**What is expected**:
Each entry is to be given again precisely, and no picture may be carried over.

**Extracted data**:

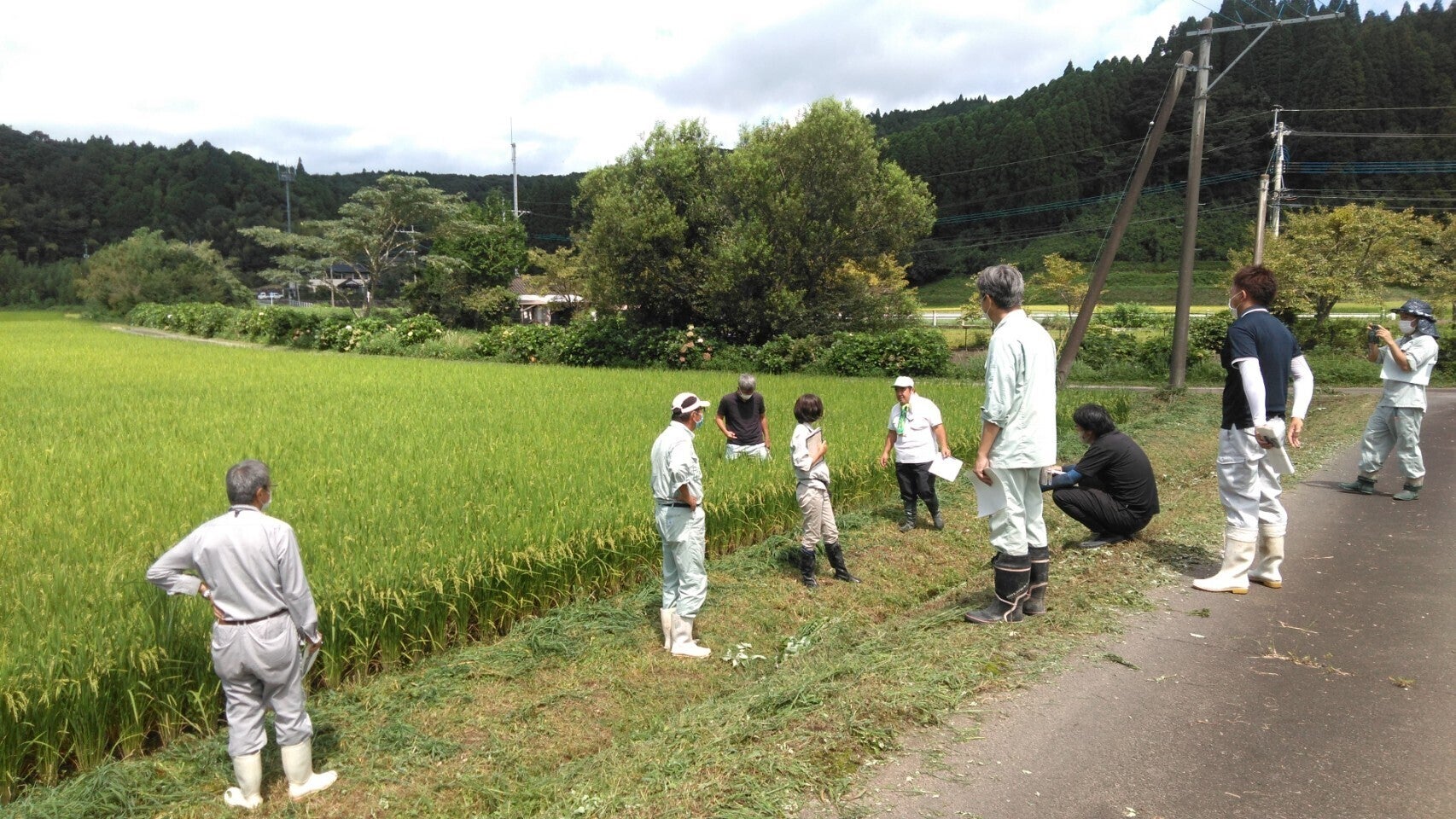 三瀬村で佐賀県の稲作圃場の調査と今後の管理に関する検討会が行われました。普及センターや農業試験場、農協の職員さん等によるものですが、具座の田んぼも調査が行われたので立会することが出来ました。大雨による被害も無くて今のところは順調な生育で管理状況も良好のようです。9月1日から地域内の稲刈りも始まって、もう少しで美味しい新米が食べられます。
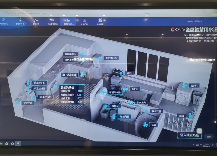 分质供水大数据中心可准确监测服务对象家中自来水和直饮水的浊度、PH值、余氯和电导率等数值,并据此提供用户建议的饮水量和合适的温度。它能对设备运行状况、滤芯寿命、故障、漏损进行监测,实时记录用户的滤芯更换、维修、清洗记录,为用户建档;还可对水压水量远程抄表,用户可用专属APP对设备进行开关机,并及时获取每日用电量、滤芯状态,24小时水质走势、统计净水量等数据,帮助用户实现智慧用水。
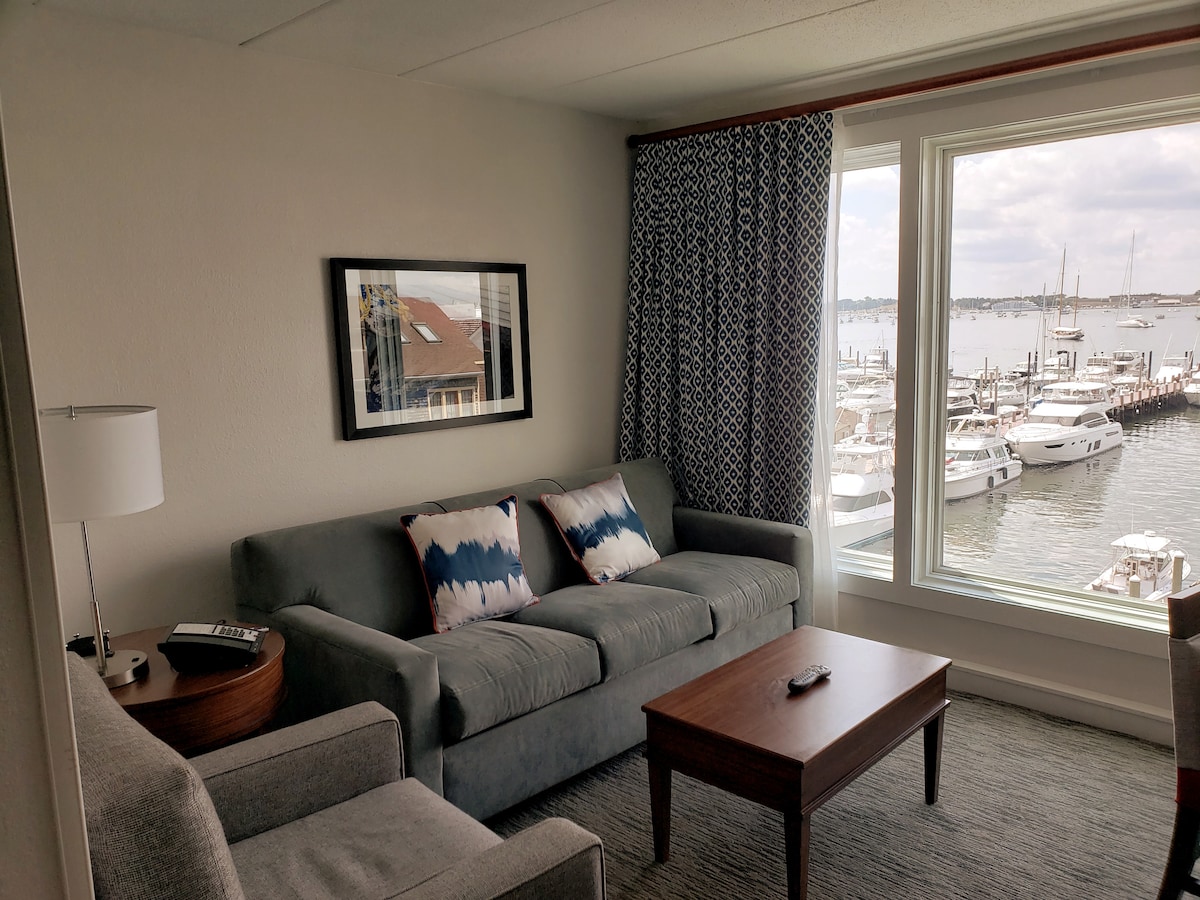 Our HARBOR SUITE: stay in Newport's most desirable hot spot! 🐶💕. Our recently renovated 1 bedroom 1 bath condo sits directly on Thames Street. The rental also comes with one off-street FREE parking space within 300 feet of our property. Our personal fav is the bright white seasonal sunroom with windows throughout attached to a walkout private deck with views of Newport Harbor. Don't worry about getting around, you're an easy walk to ALL. Beautifully decorated. AC in living room & bed room
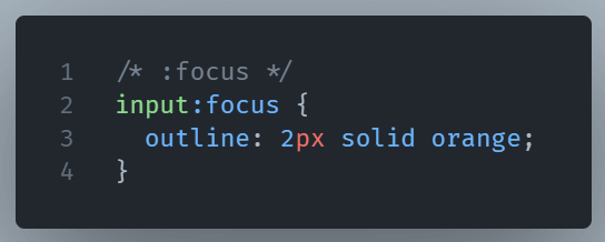 :focus– Activates when an element is focused (e.g., clicking into a form field).
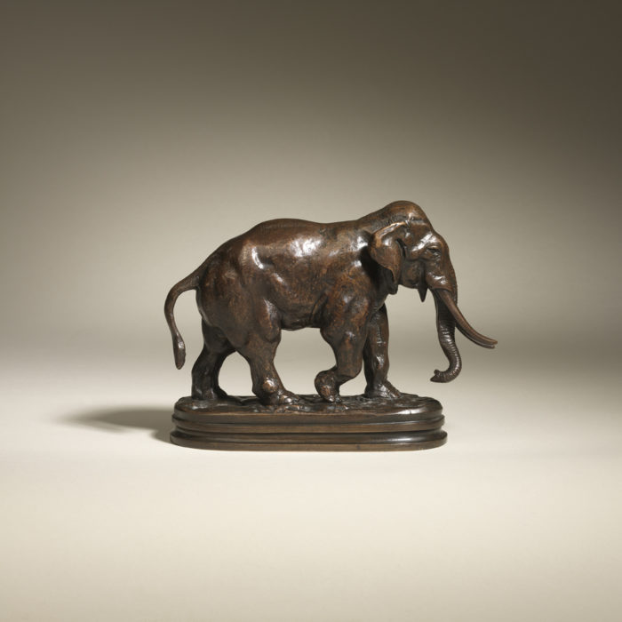 A fine quality, mid-nineteenth century bronze model of an ‘Asian Elephant’ by Antoine-Louis Barye, French (1796-1875). This bronze was produced using the sand cast process at the Atelier Barye / Brame. It is signed ‘BARYE’ and has a mid brown patina with reddy brown undertones.
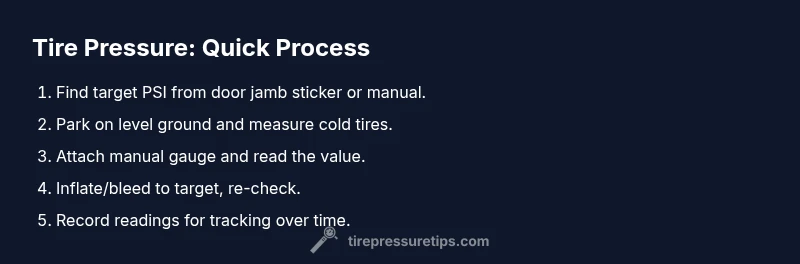 Tire pressure is commonly measured in PSI (pounds per square inch) or kPa (kilopascals). A reliable air pressure manual gauge displays a reading as soon as you press the valve stem, and many gauges offer a dial or a digital readout. Key terms to know include the target PSI value for your vehicle, the minimum and maximum range of your gauge, and the difference between cold and hot readings. The manual gauge relies on a mechanical or spring-loaded system to translate the air pressure into a readable scale. When selecting a gauge, ensure readability, durability, and a clear scale. In general, the air pressure manual method provides a tangible, no-battery-required way to verify factory-recommended pressures.

**The completed task**:
 三瀬村で佐賀県の稲作圃場の調査と今後の管理に関する検討会が行われました。普及センターや農業試験場、農協の職員さん等によるものですが、具座の田んぼも調査が行われたので立会することが出来ました。大雨による被害も無くて今のところは順調な生育で管理状況も良好のようです。9月1日から地域内の稲刈りも始まって、もう少しで美味しい新米が食べられます。
 分质供水大数据中心可准确监测服务对象家中自来水和直饮水的浊度、PH值、余氯和电导率等数值,并据此提供用户建议的饮水量和合适的温度。它能对设备运行状况、滤芯寿命、故障、漏损进行监测,实时记录用户的滤芯更换、维修、清洗记录,为用户建档;还可对水压水量远程抄表,用户可用专属APP对设备进行开关机,并及时获取每日用电量、滤芯状态,24小时水质走势、统计净水量等数据,帮助用户实现智慧用水。
 Our HARBOR SUITE: stay in Newport's most desirable hot spot! 🐶💕. Our recently renovated 1 bedroom 1 bath condo sits directly on Thames Street. The rental also comes with one off-street FREE parking space within 300 feet of our property. Our personal fav is the bright white seasonal sunroom with windows throughout attached to a walkout private deck with views of Newport Harbor. Don't worry about getting around, you're an easy walk to ALL. Beautifully decorated. AC in living room & bed room
 :focus– Activates when an element is focused (e.g., clicking into a form field).
 A fine quality, mid-nineteenth century bronze model of an ‘Asian Elephant’ by Antoine-Louis Barye, French (1796-1875). This bronze was produced using the sand cast process at the Atelier Barye / Brame. It is signed ‘BARYE’ and has a mid brown patina with reddy brown undertones.
 Tire pressure is commonly measured in PSI (pounds per square inch) or kPa (kilopascals). A reliable air pressure manual gauge displays a reading as soon as you press the valve stem, and many gauges offer a dial or a digital readout. Key terms to know include the target PSI value for your vehicle, the minimum and maximum range of your gauge, and the difference between cold and hot readings. The manual gauge relies on a mechanical or spring-loaded system to translate the air pressure into a readable scale. When selecting a gauge, ensure readability, durability, and a clear scale. In general, the air pressure manual method provides a tangible, no-battery-required way to verify factory-recommended pressures.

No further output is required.